**WHAT YOU NEED TO DO**
Exact copy, no pictures: reproduce the lines from the one that holds "Пробка на ул." through the end of the entries.
(EXERCISE DATA)
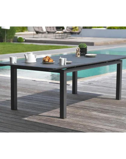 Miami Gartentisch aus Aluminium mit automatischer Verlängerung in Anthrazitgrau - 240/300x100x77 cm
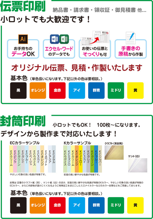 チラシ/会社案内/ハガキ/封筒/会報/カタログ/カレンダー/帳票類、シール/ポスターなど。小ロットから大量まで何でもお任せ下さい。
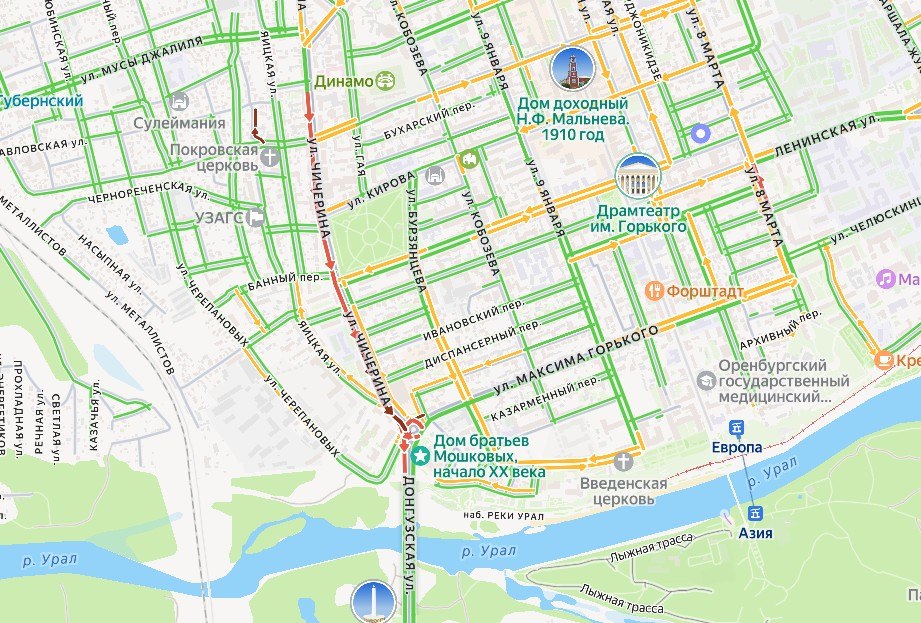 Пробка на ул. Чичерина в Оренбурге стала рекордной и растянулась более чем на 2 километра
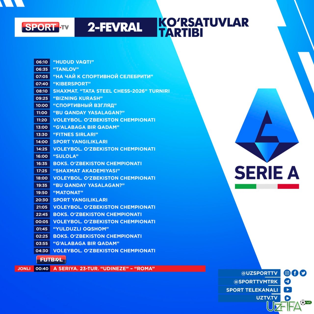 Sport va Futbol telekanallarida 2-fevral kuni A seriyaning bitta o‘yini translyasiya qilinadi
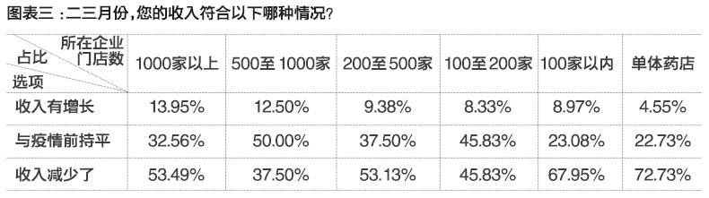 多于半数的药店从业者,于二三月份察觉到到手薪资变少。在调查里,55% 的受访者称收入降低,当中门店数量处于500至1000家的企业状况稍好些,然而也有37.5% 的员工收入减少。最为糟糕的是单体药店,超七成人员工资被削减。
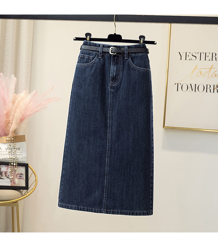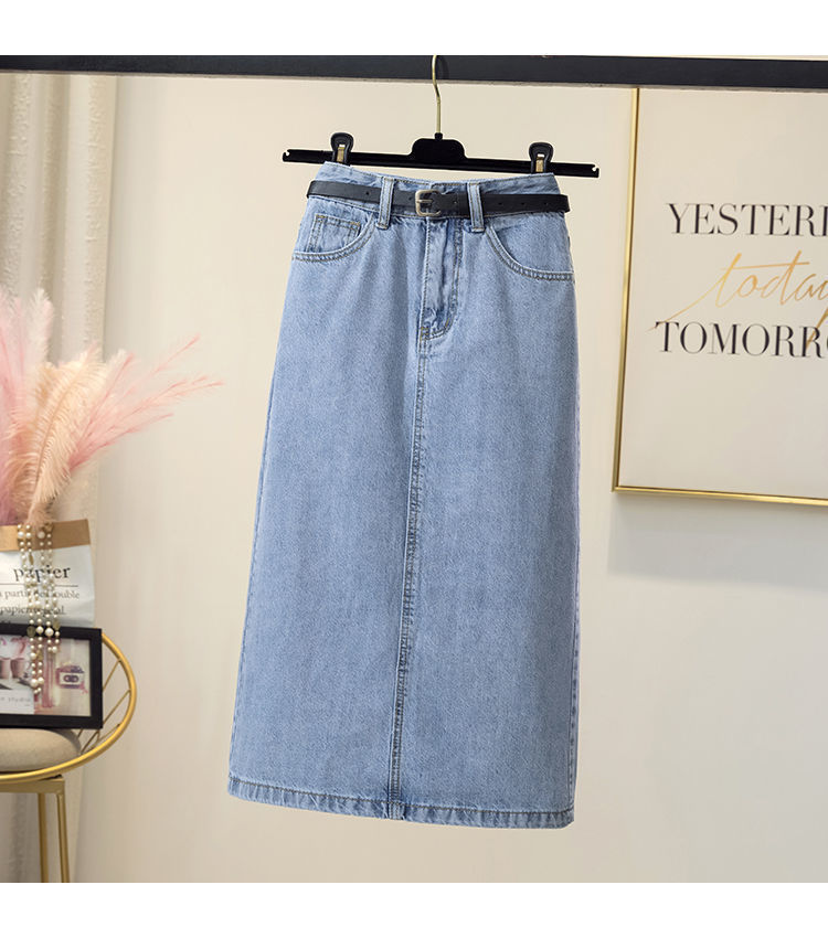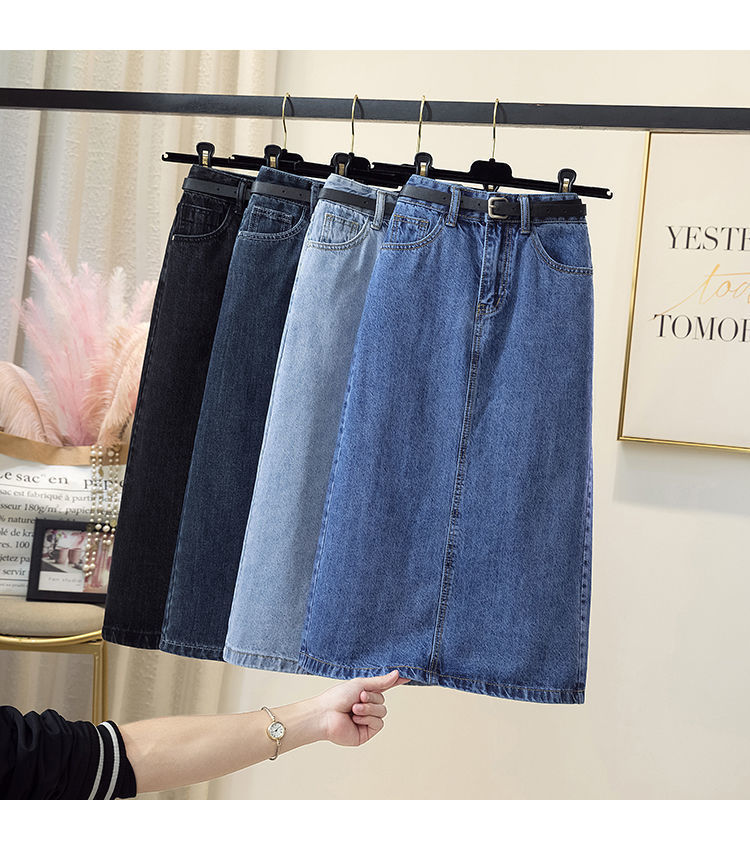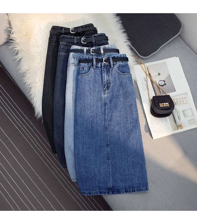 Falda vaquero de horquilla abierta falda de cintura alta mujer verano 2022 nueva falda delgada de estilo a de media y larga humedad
(End EXERCISE DATA)
**EXPECTED ANSWER**
 Пробка на ул. Чичерина в Оренбурге стала рекордной и растянулась более чем на 2 километра
 Sport va Futbol telekanallarida 2-fevral kuni A seriyaning bitta o‘yini translyasiya qilinadi
 多于半数的药店从业者,于二三月份察觉到到手薪资变少。在调查里,55% 的受访者称收入降低,当中门店数量处于500至1000家的企业状况稍好些,然而也有37.5% 的员工收入减少。最为糟糕的是单体药店,超七成人员工资被削减。
 Falda vaquero de horquilla abierta falda de cintura alta mujer verano 2022 nueva falda delgada de estilo a de media y larga humedad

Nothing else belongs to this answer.